Если цель обеда - питание тела, то тот, кто съест вдруг два обеда, достигнет, может быть, большего удовольствия, но не достигнет цели, ибо оба обеда не переварятся желудком.
Если цель брака есть семья, то тот, кто захочет иметь много жен и мужей, может быть, получит много удовольствия, но ни в каком случае не будет иметь семьи.
Весь вопрос, ежели цель обеда есть питание, а цель брака - семья, разрешается только тем, чтобы не есть больше того, что может переварить желудок, и не иметь больше жен и мужей, чем столько, сколько нужно для семьи, то есть одной и одного. Наташе нужен был муж. Муж был дан ей. И муж дал ей семью. И в другом, лучшем муже она не только не видела надобности, но, так как все силы душевные ее были устремлены на то, чтобы служить этому мужу и семье, она и не могла себе представить и не видела никакого интереса в представлении о том, что бы было, если б было другое.
Наташа не любила общества вообще, но она тем более дорожила обществом родных - графини Марьи, брата, матери и Сони. Она дорожила обществом тех людей, к которым она, растрепанная, в халате, могла выйти большими шагами из детской с радостным лицом и показать пеленку с желтым вместо зеленого пятна, и выслушать утешения о том, что теперь ребенку гораздо лучше.
Наташа до такой степени опустилась, что ее костюмы, ее прическа, ее невпопад сказанные слова, ее ревность - она ревновала к Соне, к гувернантке, ко всякой красивой и некрасивой женщине - были обычным предметом шуток всех ее близких. Общее мнение было то, что Пьер был под башмаком своей жены, и действительно это было так. С самых первых дней их супружества Наташа заявила свои требования. Пьер удивился очень этому совершенно новому для него воззрению жены, состоящему в том, что каждая минута его жизни принадлежит ей и семье; Пьер удивился требованиям своей жены, но был польщен ими и подчинился им.
Подвластность Пьера заключалась в том, что он не смел не только ухаживать, но не смел с улыбкой говорить с другой женщиной, не смел ездить в клубы на обеды так, для того чтобы провести время, не смел расходовать деньги для прихоти, не смел уезжать на долгие сроки, исключая как по делам, в число которых жена включала и его занятия науками, в которых она ничего не понимала, но которым она приписывала большую важность. Взамен этого Пьер имел полное право у себя в доме располагать не только самим собой, как он хотел, но и всей семьею. Наташа у себя в доме ставила себя на ногу рабы мужа; и весь дом ходил на цыпочках, когда Пьер занимался - читал или писал в своем кабинете. Стоило Пьеру показать какое-нибудь пристрастие, чтобы то, что он любил, постоянно исполнялось. Стоило ему выразить желание, чтобы Наташа вскакивала и бежала исполнять его.

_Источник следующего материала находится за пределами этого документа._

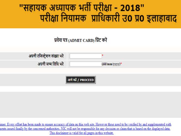 इस लिंक पर क्लिक करने के बाद आपके सामने सहायक अध्यापक भर्ती 2018 परीक्षा नियामक प्राधिकारी उत्तर प्रदेश इलाहाबाद का पेज खुल कर आएगा। इसमें नीचे प्रवेश-पत्र प्रिंट करने के लिए जगह दी होगी। सबसे पहले अपना रजिस्ट्रेशन संख्या डालें और फिर जन्मतिथि डालकर प्रोसीड पर क्लिक करें आपका एडमिट कार्ड डाउनलोड हो जाएगा।

Весь дом руководился только мнимыми повелениями мужа, то есть пожеланиями Пьера, которые Наташа старалась угадывать. Образ, место жизни, знакомства, связи, занятия Наташи, воспитание детей - не только все делалось по выраженной воле Пьера, но Наташа стремилась угадать то, что могло вытекать из высказанных в разговорах мыслей Пьера. И она верно угадывала то, в чем состояла сущность желаний Пьера, и, раз угадав ее, она уже твердо держалась раз избранного. Когда Пьер сам уже хотел изменить своему желанию, она боролась против него его же оружием.
Так, в тяжелое время, навсегда памятное Пьеру, Наташа, после родов первого слабого ребенка, когда им пришлось переменить трех кормилиц и Наташа заболела от отчаяния, Пьер однажды сообщил ей мысли Руссо, с которыми он был совершенно согласен, о неестественности и вреде кормилиц. Следующим ребенком, несмотря на противудействие матери, докторов и самого мужа, восстававших против ее кормления, как против вещи тогда неслыханной и вредной, она настояла на своем и с тех пор всех детей кормила сама.

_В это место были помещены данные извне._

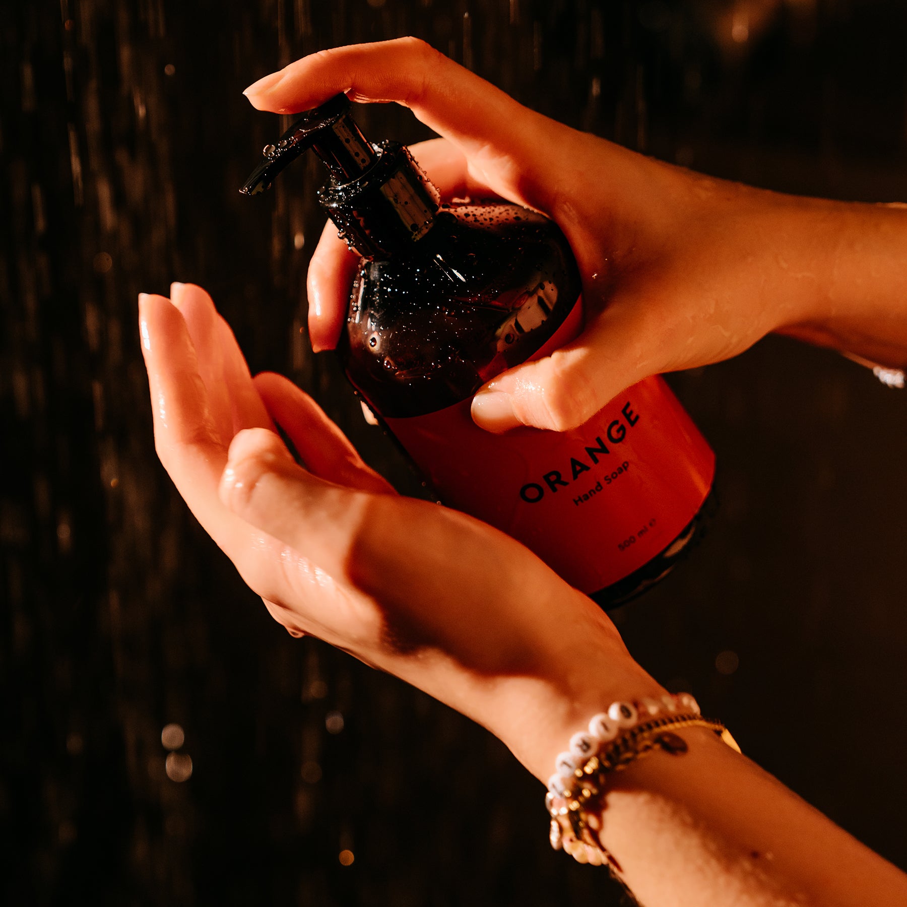 500 ml milde Reinigung. Die Hand Soap Orange mit Rosmarinöl und feinen Zitrusnoten reinigt sanft und hinterlässt ein angenehm frisches Hautgefühl – für gepflegte Hände, die nach Sommer duften.

Весьма часто, в минуты раздражения, случалось, что муж с женой спорили подолгу, потом после спора Пьер, к радости и удивлению своему, находил не только в словах, но и в действиях жены свою ту самую мысль, против которой она спорила. И не только он находил ту же мысль, но он находил ее очищенною от всего того, что было лишнего, вызванного увлечением и спором, в выражении мысли Пьера.

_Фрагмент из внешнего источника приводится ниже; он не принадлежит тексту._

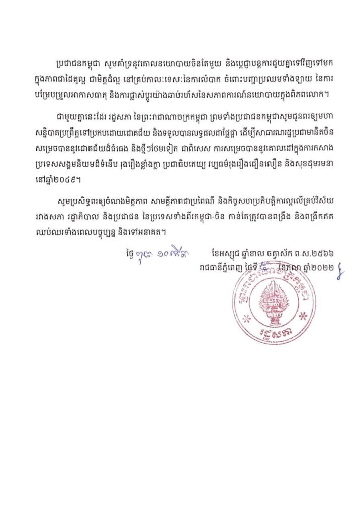 រដ្ឋសភាបានបន្ថែមថា ប្រជាជនកម្ពុជា សូមគាំទ្រនូវគោលនយោបាយចិនតែមួយ និងបេ្តជ្ញាបន្តការជួយគ្នាទៅវិញទៅមកក្នុងភាពជាដៃគូល្អ ជាមិត្តដ៏ល្អ នៅគ្រប់កាលៈទេសៈនៃការលំបាក ចំពោះបញ្ហាប្រឈមទាំងឡាយ នៃការបម្រែបម្រួលអាកាសធាតុ និងការផ្លាស់ប្តូរយ៉ាងឆាប់រហ័សនៃសភាពការណ៍នយោបាយក្នុងពិភពលោក។

После семи лет супружества Пьер чувствовал радостное, твердое сознание того, что он не дурной человек, и чувствовал он это потому, что он видел себя отраженным в своей жене. В себе он чувствовал все хорошее и дурное смешанным и затемнявшим одно другое. Но на жене его отражалось только то, что было истинно хорошо: все не совсем хорошее было откинуто. И отражение это произошло не путем логической мысли, а другим - таинственным, непосредственным отражением.”

Ага, точно так и было. Милая юная девочка забеременела в первый же месяц после замужества и затем беспрестанно беременела и рожала, беременела и рожала, беременела и рожала, потому что мужа ее слишком интересовала “физическая сторона любви”, для того и женился. Всего Софья Андреевна из первых тридцати лет супружеской жизни в общей сложности была беременна в течение 10 лет. 11 из 13 своих детей она вскормила грудью. Из 13 детей пятеро умерли в детстве. Притом Софья, за неимением других дел и любви и внимания со стороны мужа, была полностью погружена в своих детей не только в смысле ежедневной заботы о них, она с огромной нежностью отслеживала их внутреннее развитие, вообще была суперматерью в этом плане, какие и сегодня нечасто встречаются.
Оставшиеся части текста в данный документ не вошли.